We find it notable that EQ-5D 3L, a general health measure, performs so well compared to shoulder-specific health measures. EQ-5D 3L was shown to be highly responsive for change (ES=0.82, SRM=0.86) in patients with glenohumeral OA. EQ-5D 3L provides no possibility to study specific shoulder-related problems and cannot replace WOOS as a shoulder evaluation tool. However, our results suggest that EQ-5D 3L adequately reflects disease-specific QoL in patients with glenohumeral OA. The time and effort needed to complete the EQ-5D 3L questionnaire is less in comparison to the WOOS questionnaire.
The outcome of the treatment, as measured by the PROM used in the SSAR are considered stable over time. There is a slight decrease in the overall results at 10 years, but lower than MDC and it may be difficult to determine if a change is related to the implant performance or a result of increasing patient age. The possible need for an age adjusted WOOS will have to be studied separately. The lack of a clinical examination in WOOS might be regarded as a weakness of the score. However, evidence that WOOS adequately covers these questions could improve evaluation of patients with glenohumeral OA, and save resources, and should be further studied.
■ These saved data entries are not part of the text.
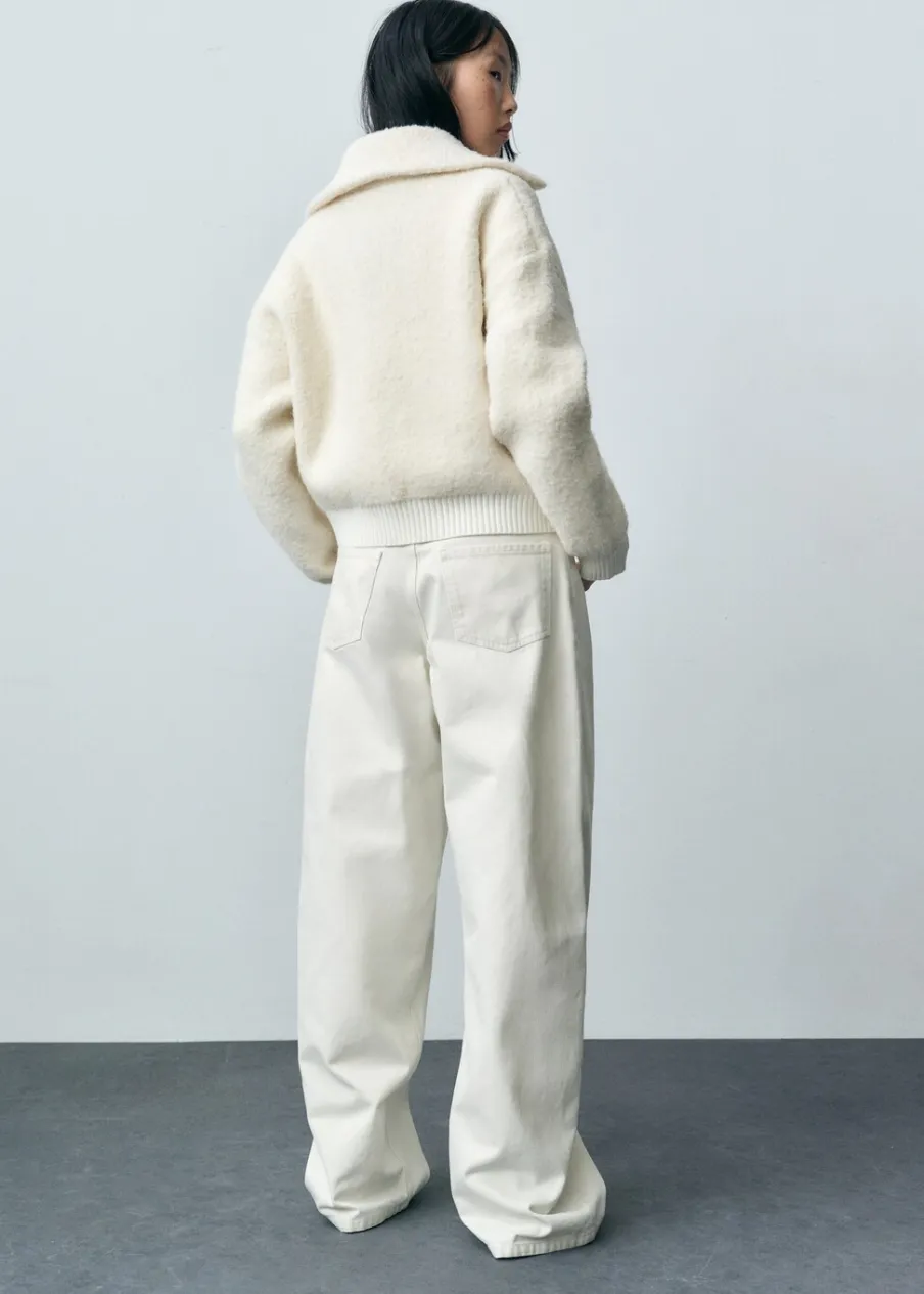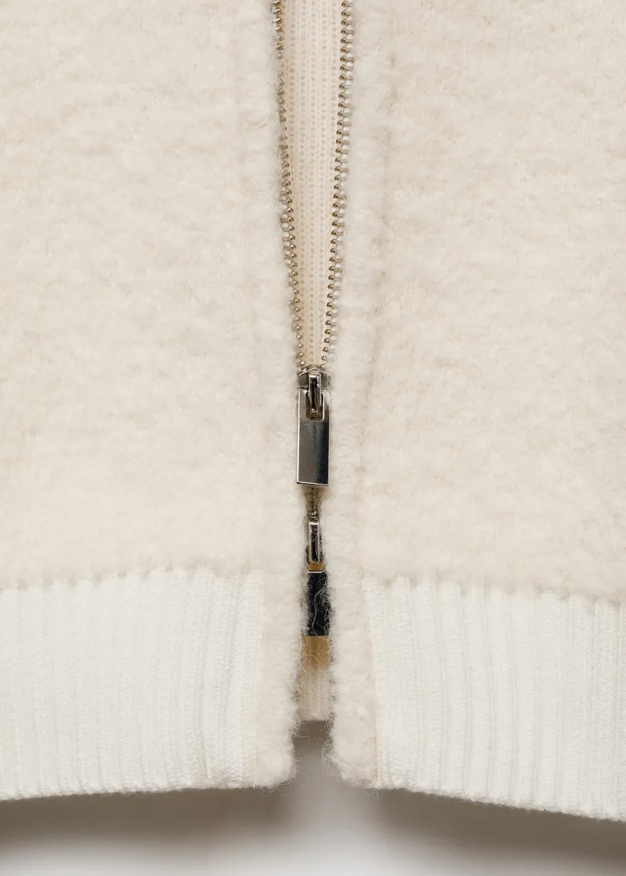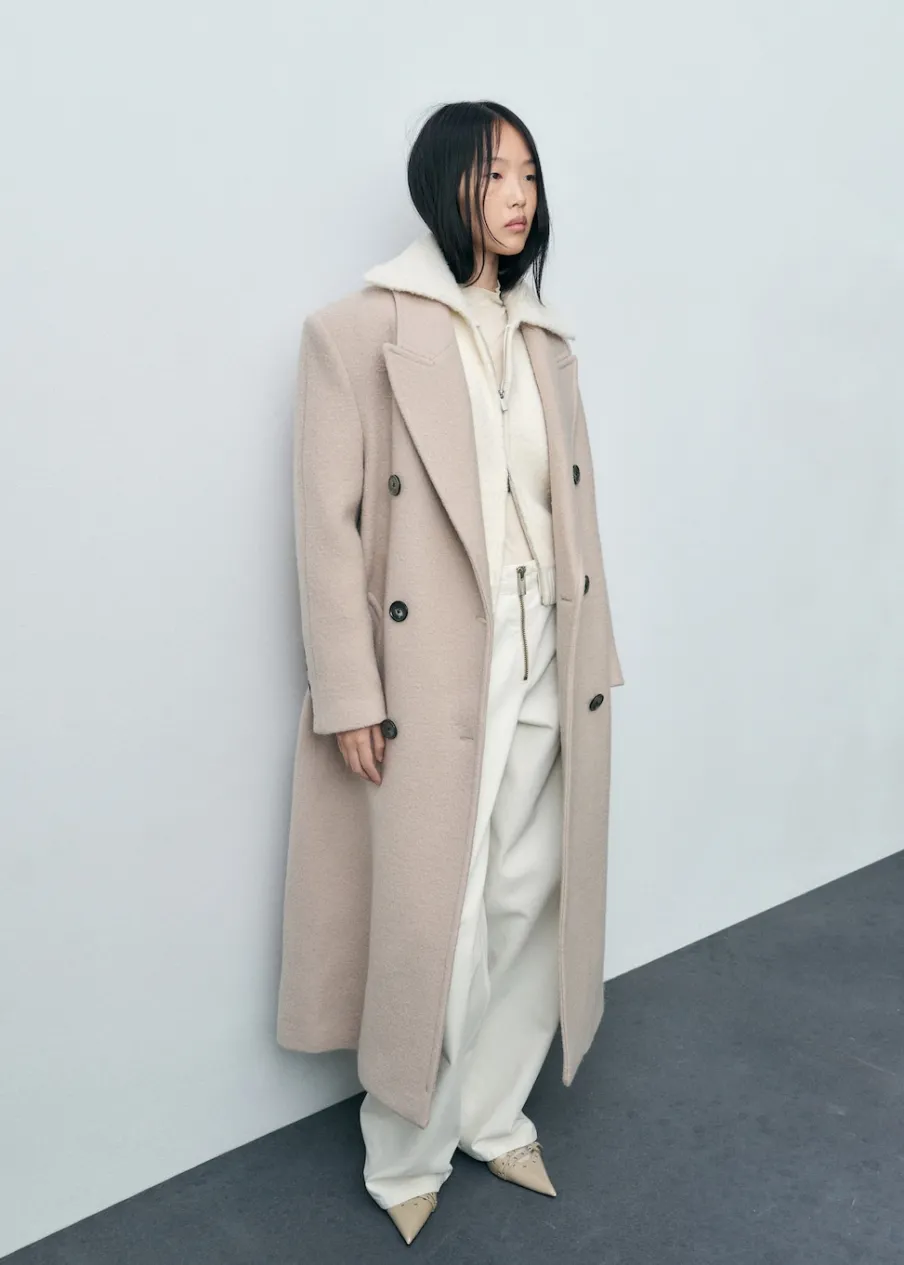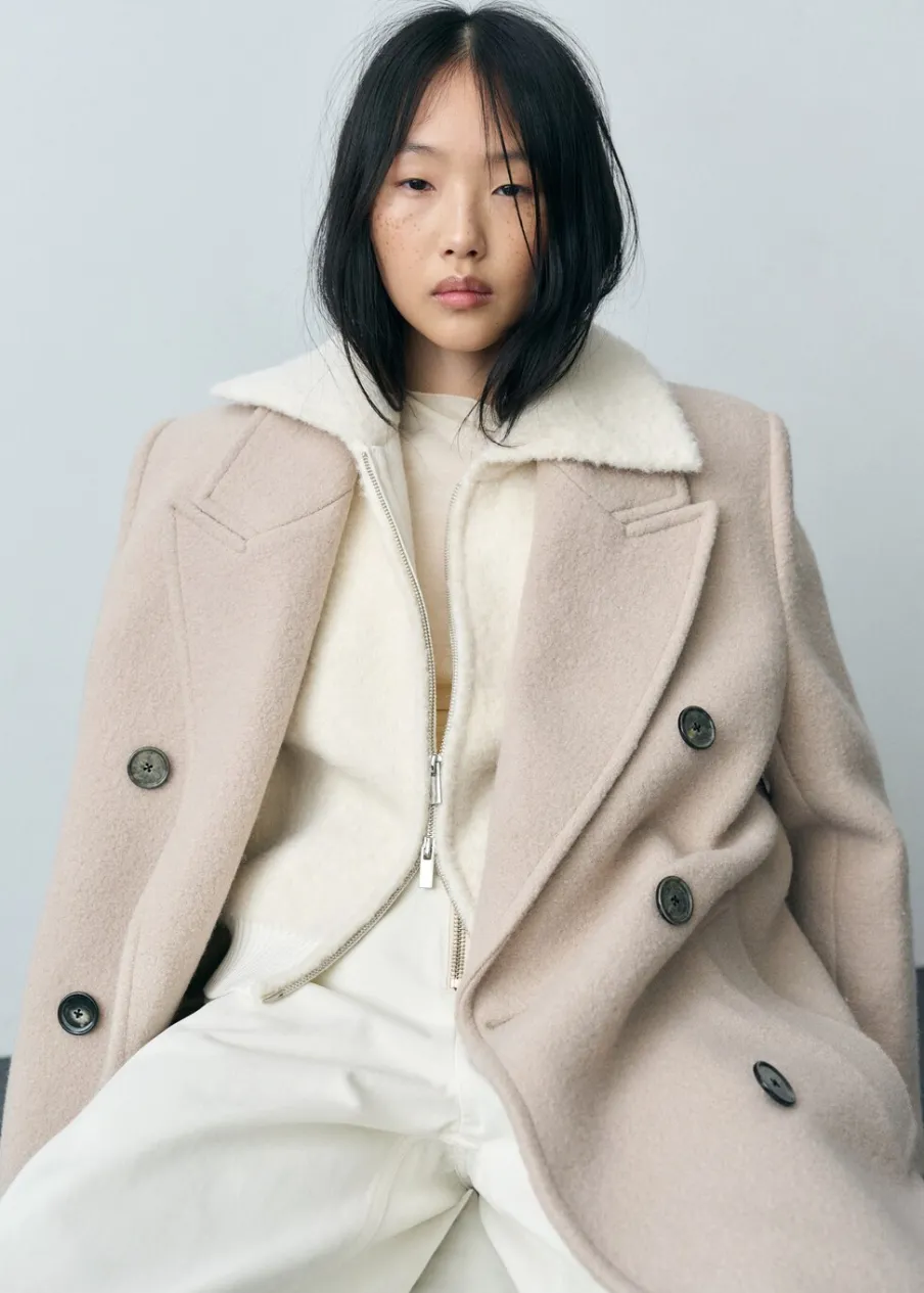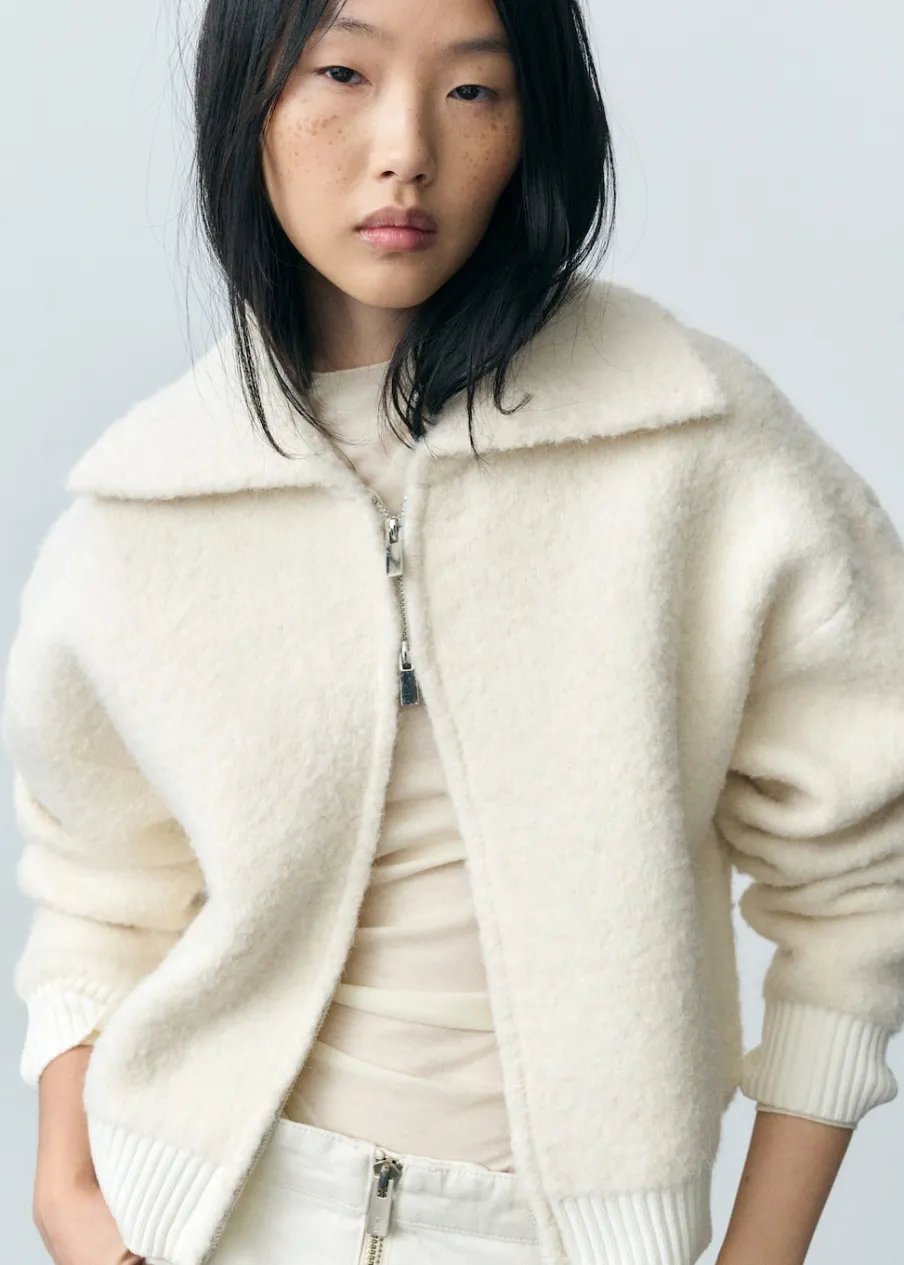 Tkanina mieszanka wełny. Tkanina bouclé. Tkanina z grubej dzianiny. Model oversize. Fason o średniej długości. Szeroki kołnierz z klapami. Długi rękaw z elastycznymi mankietami. Kontrastowe ściągaczowe wykończenia. Zapięcie na zamek z przodu.
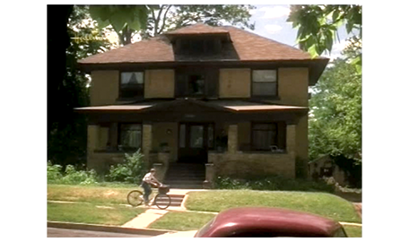 スコットが、アルバイトをしている薬局〔食料品店の一部〕に入って行くと、主人が、「君の配達ルートにいくつか街区を追加することにした。エディが辞めたんだ。毎週働く時間が増えるな〔時給なので収入も増える〕。異議は?」と訊く。「ありません!」(1枚目の写真、矢印は配達する袋)。スコットは、二階建ての家の前に自転車で乗りつける(2枚目の写真)〔この辺りの住民がすべて黒人なのは、一種の差別なのだろうか?〕。スコットがドアをノックすると、中から、「誰?」という声がする。「タフ薬局からの配達です」。ドアが開き、アーニャが姿を見せ、「新人だね?」と訊く。アーニャの目が自分より高い正面を見ているので、スコットは後ろに誰かいるのかと一瞬振り向き、「はい、奥さん」と答える(3枚目の写真、矢印は薬の袋)。「早く入って。家じゅうハエだらけにしたくない」。スコットは、ドアから中に入る。「前の子より若いね」。「はい、奥さん」。「財布を取ってくるわ」。スコットはドアを閉める。
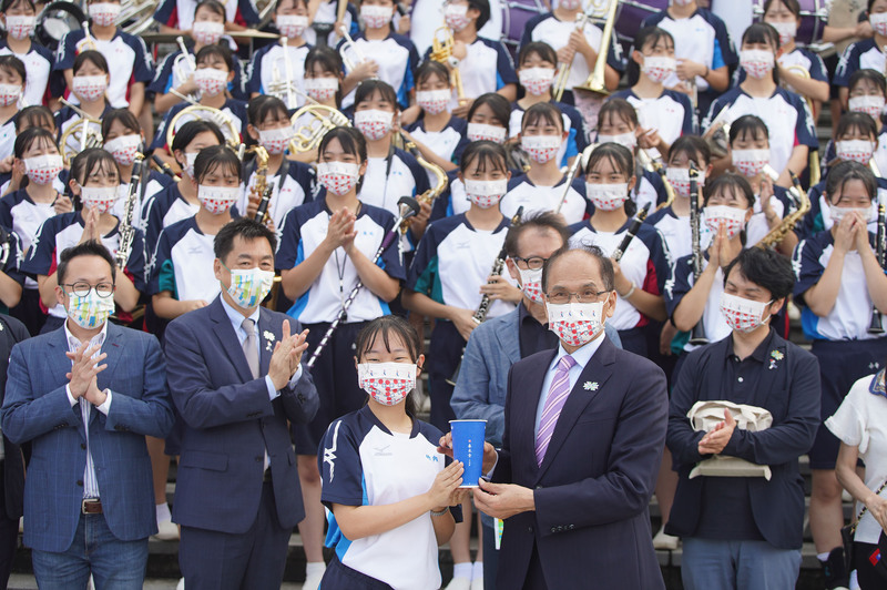 日本京都橘高校吹奏部應邀將於雙十國慶大典演出,6日下午在兩廳院戶外廣場彩排。擔任國慶籌備委員會主任委員的立法院長游錫堃(前右)到場致意,並送上台灣特色飲品珍珠奶茶給學生。(圖/中央社)

One strength of this study is the correlations of WOOS made to both CMS and OSS. CMS is a well-established and widely used shoulder score, and we think it is an important correlation to be made in the validation process of any shoulder score. The correlation to OSS is important since OSS is used in other shoulder arthroplasty registries. This can be of value when comparing results from different registries. The patient cohort was limited but could be considered as useful for the planning of future studies of comparisons of PROM outcome. We also could demonstrate the real performance of the PROM over time, in use for a 10-year follow-up within SSAR. No test-retest analysis was performed within this study, which we consider to be a weakness. A test-retest analysis of the Swedish translation of WOOS might be a subject for a future study to validate the score within the registry.